Training and validation samples from data

Description

Draw training and test samples from data. Samples can be accessed by subsctioting original data or by their own references.

Usage

init_values(X, Y = NULL, sample.size = 0.5, 
data.splitting = "ALL", 
unit.scaling = FALSE, 
scaling = FALSE, 
regression = FALSE)

Arguments

X

a matrix or dataframe to be splitted in training and validation sample

Y

a response vector for the observed data.

sample.size

size of the needed training sample in proportion of the nulber of observations in original data.

data.splitting

not currently used.

unit.scaling

if TRUE, scale all data in X between 0 and 1, if they are all positive, or between -1 and 1.

scaling

if TRUE, centers and scales data, so each variable willhave mean 0 abd variance 1.

regression

if TRUE and scaling = TRUE, Y will also be scaled.

Value

a list with the following components :

xtrain

a matrix or data frame representing the training sample.

ytrain

a response vector representing the training responses according to the training sample.

xtest

a matrix or data frame representing the validation sample.

ytest

a response vector representing the validation responses according to the validation sample.

train_idx

subscripts of the training sample.

test_idx

subscripts of the validation sample.

Author(s)

Saip Ciss [email protected]

Examples

data(iris)
Y <- iris$Species
X <- iris[,-which(colnames(iris) == "Species")]
trainingAndValidationsamples <- init_values(X, Y, sample.size = 0.5)

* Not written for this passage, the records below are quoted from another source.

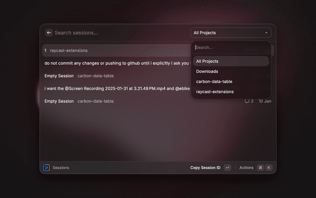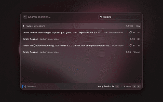 Gemini CLI lists all the gemini cli sessions, stats and more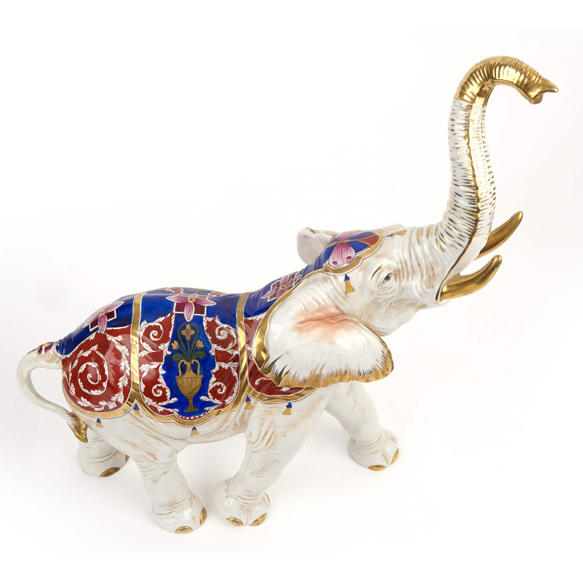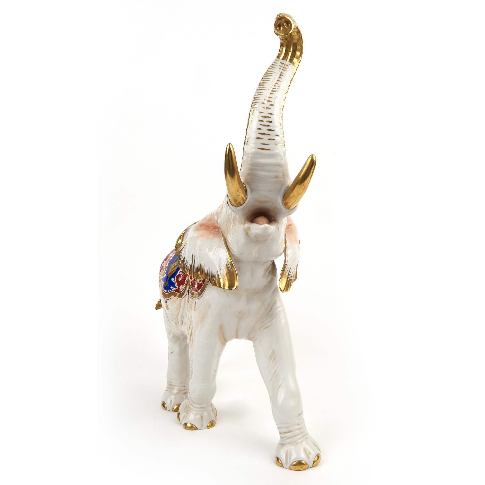 Красивая большая скульптура изображающая идущего слона накрытого богатым «восточным» покрывалом. Возможно, что изображен цирковой слон во время представления. Продукция старейшей фарфоровой фолькштедской мануфактуры Aelteste Volkstedter Porzellanmanufaktur. Хорошая сохранность.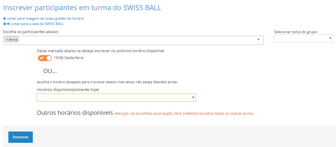 Há duas formas de cadastrar inscrições nas grades de horário: (1) pelo sistema, (2) o participante se inscreve pela internet, pelo aplicativo 4GYM que ele pode baixar no celular.
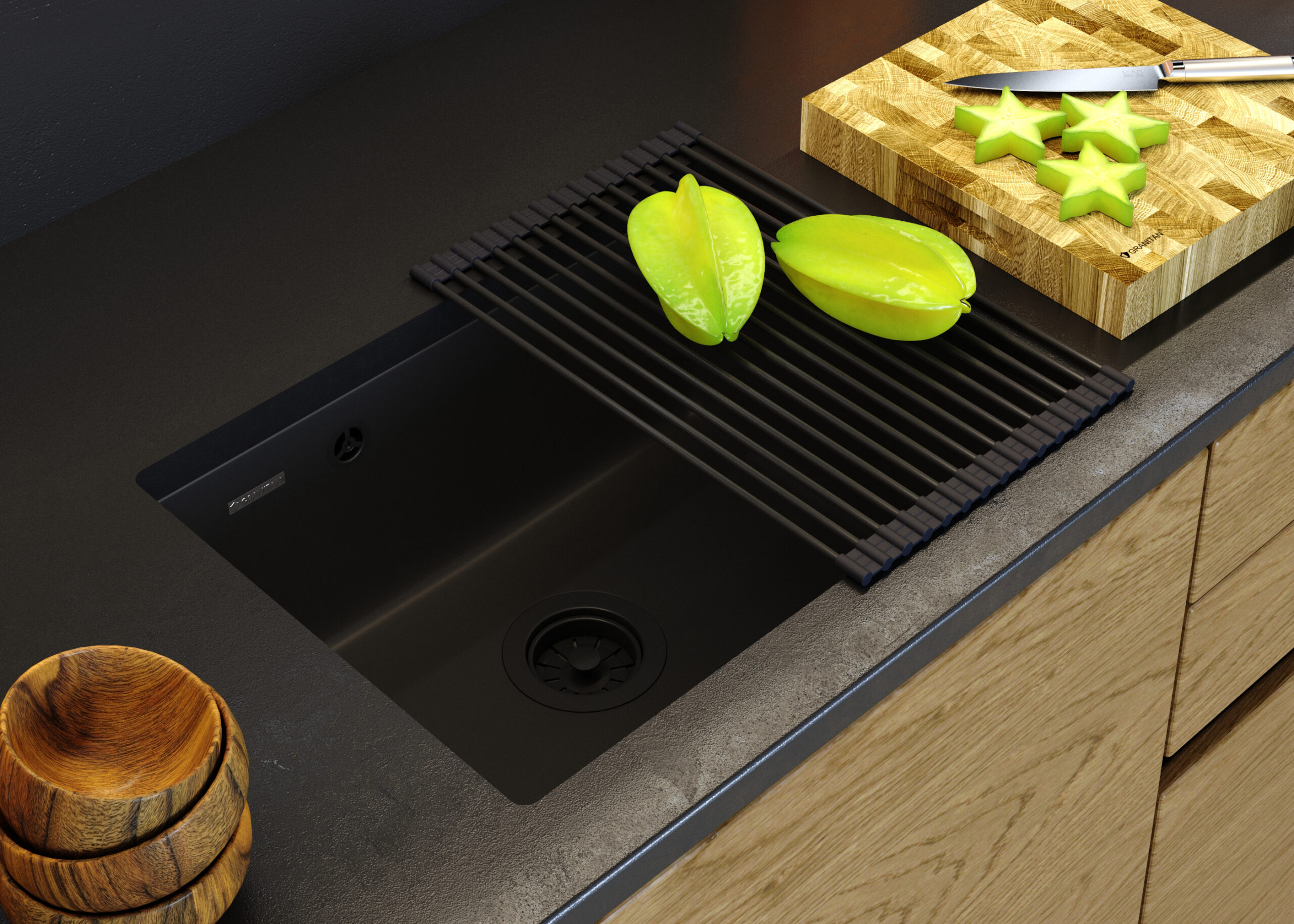 0 OPINII PENTRU Chiuvetă granit neagră sub blat + sifon + scurgător 60

Xtrain = trainingAndValidationsamples$xtrain
Ytrain = trainingAndValidationsamples$ytrain
Xvalid = trainingAndValidationsamples$xtest
Yvalid = trainingAndValidationsamples$ytest

All internal functions

Description

Internal functions for random Uniform Forests


Merge two arbitrary, but adjacent, clusters

Description

merge, on the flight, two adjacent clusters in order to allow better clustering scheme, if needed, and to avoid new computation of the unsupervised mode.

Usage

mergeClusters(object, whichOnes)

Arguments

object

an object of class unsupervised.

whichOnes

which clusters are needed to be merged ? Should be two adjacent ones.

Value

An object of class unsupervised.

Author(s)

Saip Ciss [email protected]

See Also

modifyClusters

Examples

## not run

## Crabs data 
# data(crabs, package = "MASS")

## and more about
# ?crabs

## model : commit 4 clusters
# crabs.rufUnsupervised = unsupervised.randomUniformForest(crabs, 
# categoricalvariablesidx = "all", nodesize = 5, threads = 1, clusters = 4)

## visualize clusters and merge adjacent clusters
# plot(crabs.rufUnsupervised)

## we can first merge clusters 1 and 4
## note that clusters may change if run again
# crabs.rufUnsupervisedNew = mergeClusters(crabs.rufUnsupervised, c(1,4))

## one can assess the fitting, comparing old and new model
# crabs.rufUnsupervised
# crabs.rufUnsupervisedNew

## visualize new model
# plot(crabs.rufUnsupervisedNew)

## merge new clusters 1 and 2 and look if it will be better
# crabs.rufUnsupervisedNewest = mergeClusters(crabs.rufUnsupervisedNew, c(1,2))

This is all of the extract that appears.